> DATA BLOCK
>>>>

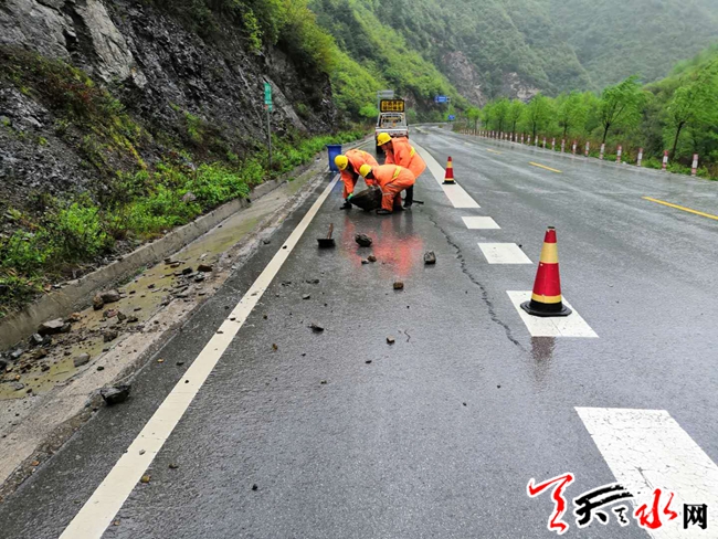 天天天水网讯(通讯员 刘志伟)连日来,受连续性降雨影响,省道208线洛礼路部分靠山路段山体出现松散,落石较多。为确保道路安全畅通,武山段加强省道208线的巡查力度。5月6日清晨,武山公路段洛门站职工在上路巡查时,发现S208线洛礼路有三处山体塌方落石,对过往车辆的通行造成极大不便,武山段立即组织人员机械赶赴现场,对塌方落石路段进行清理。经过1个多小时不懈努力,路面落石被彻底清除,确保了道路出行安全畅通。
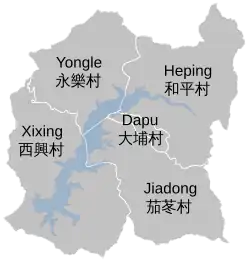 The township comprises five villages: Dapu, Heping, Jiadong, Xixing and Yongle.
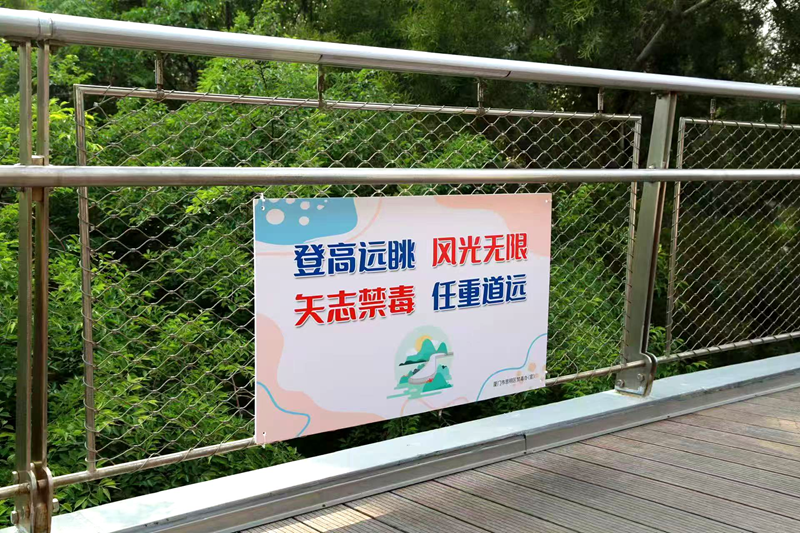 “山海健康步道”的宣传语、标识等装饰,“黑猫警长”以认知毒品、无毒生活也是健康的重要组成部分为理由,说服卫健、园林、城管等相关部门予以支持。
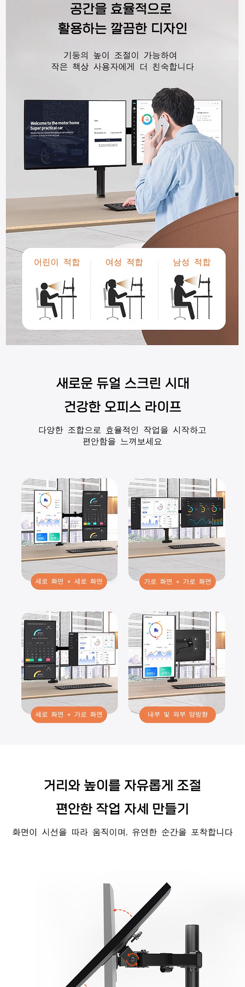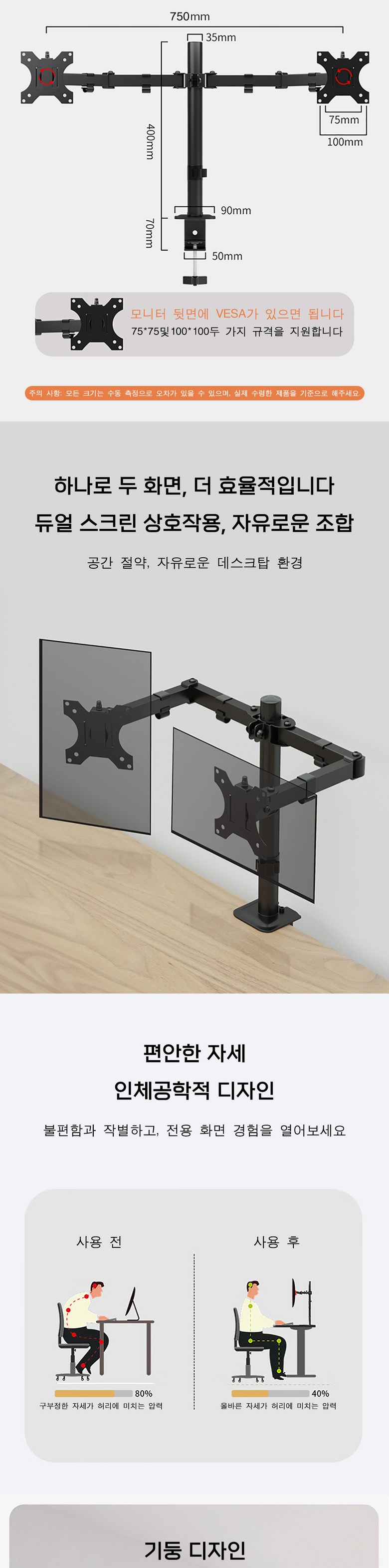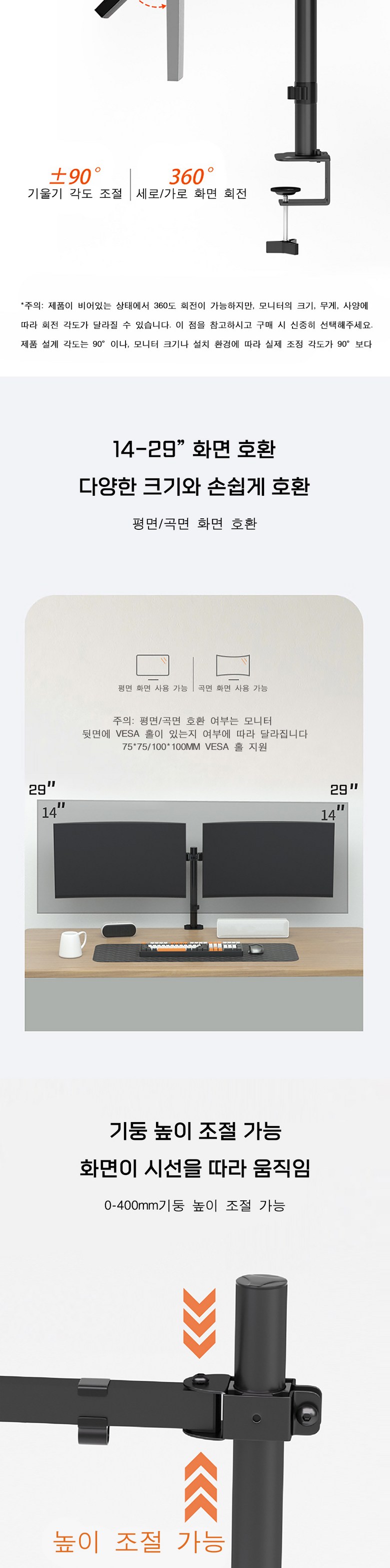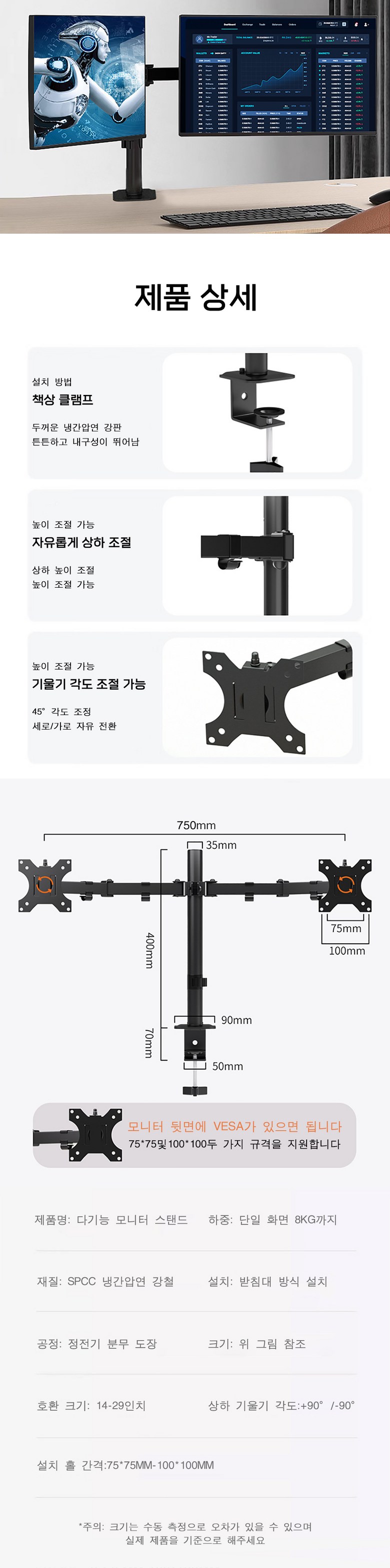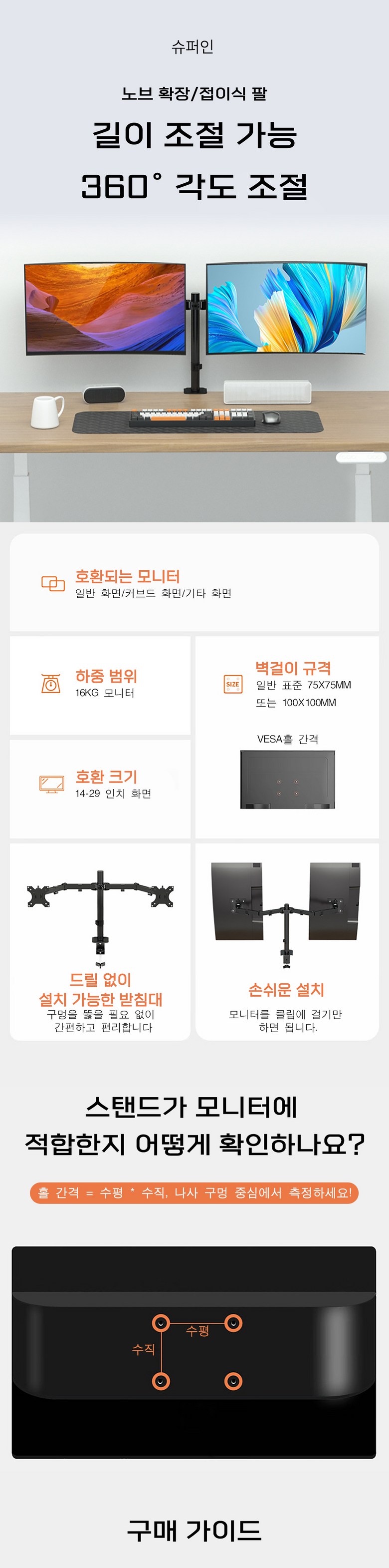 | 품명 및 모델명 | 슈퍼인 높이조절 각도조절 3단 관절 듀얼모니터암 | 인증/허가 사항 | 해당없음 |

<<<<

> WHAT TO PRODUCE
I would like the data copied exactly as it stands, with no pictures included.

> RESULT OF THIS TASK
 天天天水网讯(通讯员 刘志伟)连日来,受连续性降雨影响,省道208线洛礼路部分靠山路段山体出现松散,落石较多。为确保道路安全畅通,武山段加强省道208线的巡查力度。5月6日清晨,武山公路段洛门站职工在上路巡查时,发现S208线洛礼路有三处山体塌方落石,对过往车辆的通行造成极大不便,武山段立即组织人员机械赶赴现场,对塌方落石路段进行清理。经过1个多小时不懈努力,路面落石被彻底清除,确保了道路出行安全畅通。
 The township comprises five villages: Dapu, Heping, Jiadong, Xixing and Yongle.
 “山海健康步道”的宣传语、标识等装饰,“黑猫警长”以认知毒品、无毒生活也是健康的重要组成部分为理由,说服卫健、园林、城管等相关部门予以支持。
 | 품명 및 모델명 | 슈퍼인 높이조절 각도조절 3단 관절 듀얼모니터암 | 인증/허가 사항 | 해당없음 |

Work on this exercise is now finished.